Namun, dolar yang melonjak pada tahun 2022 sangat menyakitkan. Hal ini menambah tekanan inflasi global pada saat harga sudah melonjak. Gangguan ke pasar energi dan pertanian yang disebabkan oleh perang Ukraina memperbesar kendala pasokan yang berasal dari resesi dan pemulihan COVID-19.

Di Manila, Raymond Manaog, 29 tahun, yang mengendarai minibus Filipina berwarna-warni yang dikenal sebagai jeepney, mengeluh bahwa inflasi, dan terutama kenaikan harga solar, memaksanya bekerja lebih banyak untuk bertahan hidup.

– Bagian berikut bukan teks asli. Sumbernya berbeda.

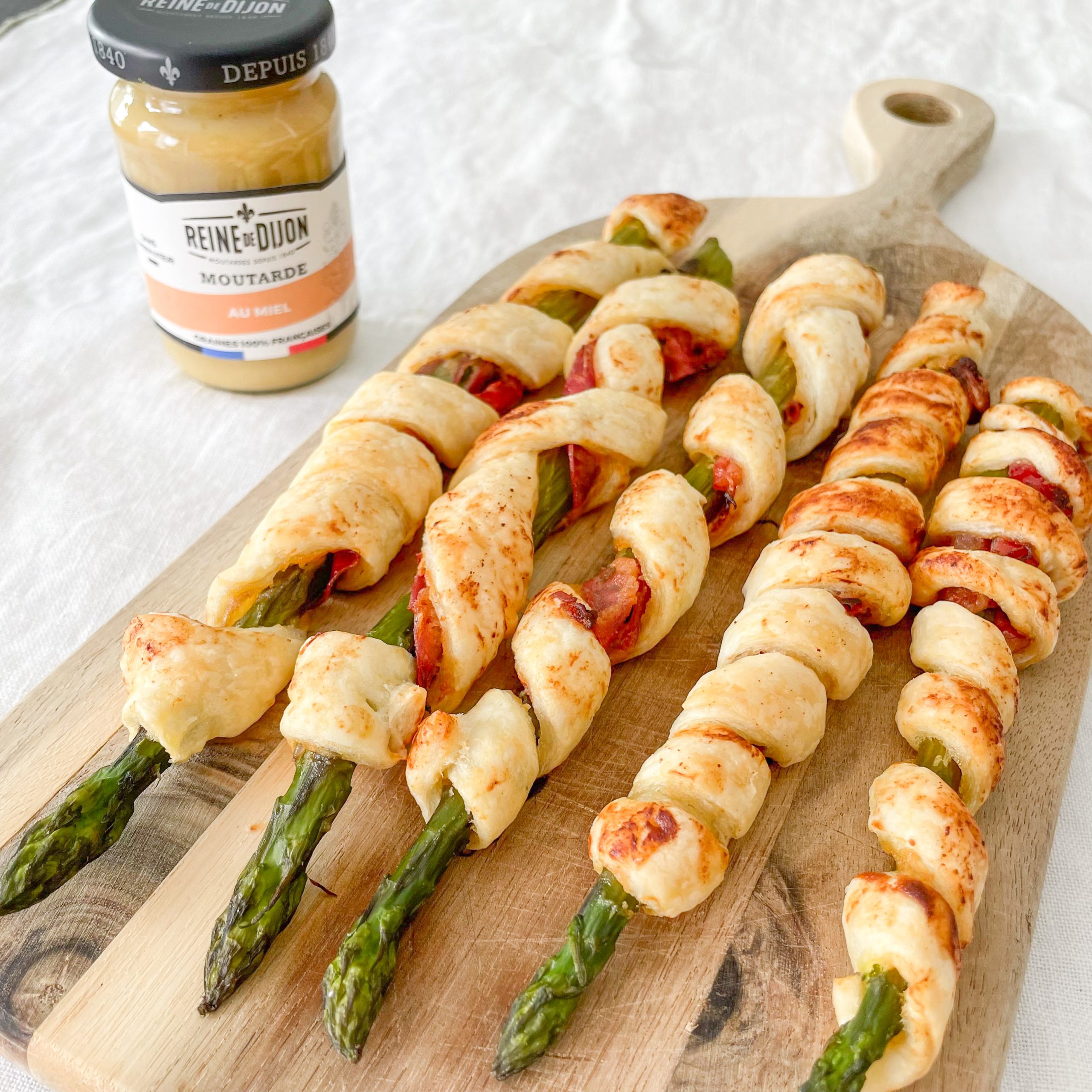 Enroulez une tranche de coppa autour d'une asperge puis découpez une fine bande de pâte feuilletée que vous allez enrouler autour de l'asperge également.

“Apa yang harus kami lakukan untuk mendapatkan penghasilan yang cukup untuk pengeluaran sehari-hari kami,” katanya. “Jika sebelumnya kami menempuh rute kami lima kali, sekarang kami melakukannya enam kali.”

Di ibu kota India, New Delhi, Ravindra Mehta telah berkembang selama beberapa dekade sebagai perantara bagi eksportir almond dan pistachio Amerika. Tapi rekor penurunan rupee, di atas bahan baku dan biaya pengiriman yang lebih tinggi, telah membuat kacang jauh lebih mahal bagi konsumen India.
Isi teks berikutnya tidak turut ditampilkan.